Another important finding in the current study is that sorafenib inhibits STAT3 by increasing SHP-1 activity (Figure 3). Our results showed that sorafenib increased SHP-1 activity but did not alter SHP-1 protein expression level and, despite being a kinase inhibitor, did not alter the phosphorylation of SHP-1 at either the Y-536 or S-591 sites, both known to change SHP-1 activity upon phosphorylation. Moreover, sorafenib did not influence the SHP-1 and STAT3 protein–protein interactions. In contrast, several chemical compounds such as acety-11-keto-β-boswellic acid and butein (3,4,2′,4′-tetrahydroxychalcone), are thought to inhibit STAT3 by the induction of SHP-1 expression (Kunnumakkara et al., 2009; Pandey et al., 2009). Nevertheless, the mechanism by which sorafenib influences SHP-1 activity remains to be elucidated and further studies are needed to address this issue. Interestingly, Blechacz et al. (2009) suggested that sorafenib inhibits STAT3 in cholangiocarcinoma cells by influencing SHP-2 activity through the down-regulation of phospho-SHP-2. However,Blechacz et al. (2009) did not show whether sorafenib also affects SHP-1 in cholangiocarcinoma cells. In contrast, in the present work we have shown that knockdown of SHP-2 did not alter the sensitizing effect of sorafenib on apoptosis and STAT3 phosphorylation in HCC cells (Figure 3C). However, it is possible that sorafenib inhibits STAT3 by affecting different protein tyrosine phosphatases in various cancer cells. More effort is needed to fully understand why sorafenib affects different protein tyrosine phosphatases in HCC and cholangiocarcinoma, and perhaps other cancer cells.
In conclusion, our results revealed that sorafenib as well as SC-49 have a synergistic effect with CS-1008 on HCC through SHP-1-dependent inhibition of STAT3 and indicate that the STAT3 signalling pathway may be a suitable target for the development of anti-HCC targeted agents. Sorafenib may serve as a lead compound for the development of more potent STAT3 inhibitors.
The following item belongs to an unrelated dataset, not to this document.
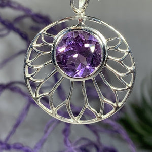 Beautiful Celtic Flower Necklace in Sterling Silver- a symbol of lasting life and love - with lovely natural gemstone round shaped amethyst or citrine stone (Grade AA stone) is set in the center to add vibrant color. Measures 1" x 1" in size - solid sterling silver on a chain.

This study is supported by grants, NTUH 100P04 from National Taiwan University Hospital (K-F Chen), NSC99-2314-B-002-017-MY2 (K-F Chen), NSC 100-3112-B-002 -013 (A-L. Cheng), NSC 100-2325-B-002 -036 (K-F Chen), and NSC 100-2325-B-010 -007 (C-W Shiau) from National Science Council, Taiwan, Taiwan Clinical Oncology Research Foundation (C-Y Liu).
Disclosure of potential conflict of interest
A-LC is a consultant for and a member of the speaker's bureau of Bayer-Schering and a consultant of Daiichi Sankyo. K I is an employee of Daiichi Sankyo. Other authors have nothing relevant to this manuscript to disclose.